I find this ridiculously hard. Ridiculously. I don't know what is so hard about spend less than you earn. (I also don't know what's so hard about eat less than you expend. An opposite equation. Can I use the same excuse when I get a sum wrong in front of my class - Now you know why I'm not a maths teacher.? No? Oh.)
I have a debt that is standing over me and causing stress. When I let myself think about it that is. Denial was invented for us 20 somethings that haven't learnt anything about money in our lifetimes as those born in the 'decade-of-greed'. You want that chotchke? Why not? It'll show how much you care about the way you are represented to the greater public.
The best time I have ever had money-wise was in 2002. I wanted to go to Melbourne with some friends and wasn't working. I gave my mother my debit card and she got the money out for me and gave me $5 notes each day - enough to get to TAFE and back and buy lunch.
The worst was this past July. I knew I was going to have 7 weeks without any income. I knew it was coming - the exact dates and what would be needed in that time. Did I save for it? Did I hell. I survived on walking to town and buying 8-10 quid of food per week. I slept an inordinate amount of the time, and ate once a day. My rent included limitless internet and access to the computer. I went back to work with an increased awareness of saving. I bought my lunch with me and didn't go near the canteen (three levels of stairs and detentions given will help with that.) I was paying off my trip for Christmas.
Then I realised that I couldn't go on the trip if I wanted to go to a friend's wedding in Canada. Something had to give. I cancelled the tour (that I had borrowed money off of my father to pay for) and had 1300 quid burning a hole in my pocket. I bought my ticket from Canada to home, paid a little of my loan (hell, yes, I have over $14000 bank debt and $14000 parental debt) and then it was gone again. But I paid off my overdraft - and then cancelled it. Totally freeing. The money I have is now mine. I don't have much - especially since I haven't been paid for my last week of work - but what I do have is all mine and is not owed to Lloyds.

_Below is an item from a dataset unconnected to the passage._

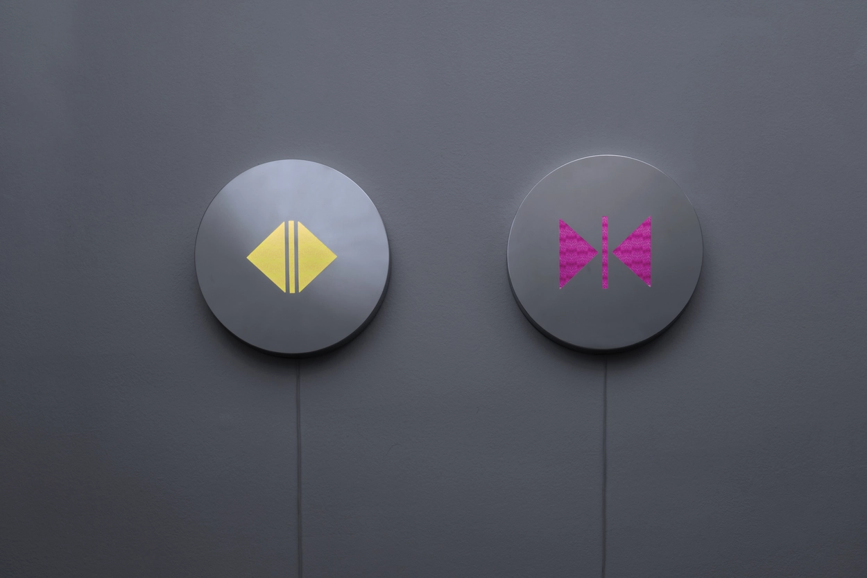 Open,close_2507 열림, 닫힘_2507, 2025, Light panel, Stainless steel, Dia.38*d4.5cm, 2pcs

So, this year has taught me that I really don't need some of the crap I buy. And I mean crap. Why, when my hair is naturally frizzy and I like it like that did I buy curl enhancer? Or the mist spray that is a 'spa in your bathroom' that I've used twice? Or the dresses that were too small but I needed 'cause they were just too cute and I thought they might motivate me? (Incidentally, I am still bringing them home - they can be presents or I can wear them when I find the motivation) Or the stuff I bought for the classroom that promptly got stolen or wrecked?
I have spent so much money here, but will have nothing more when I go home - 20 kg is so little to boil it all down to.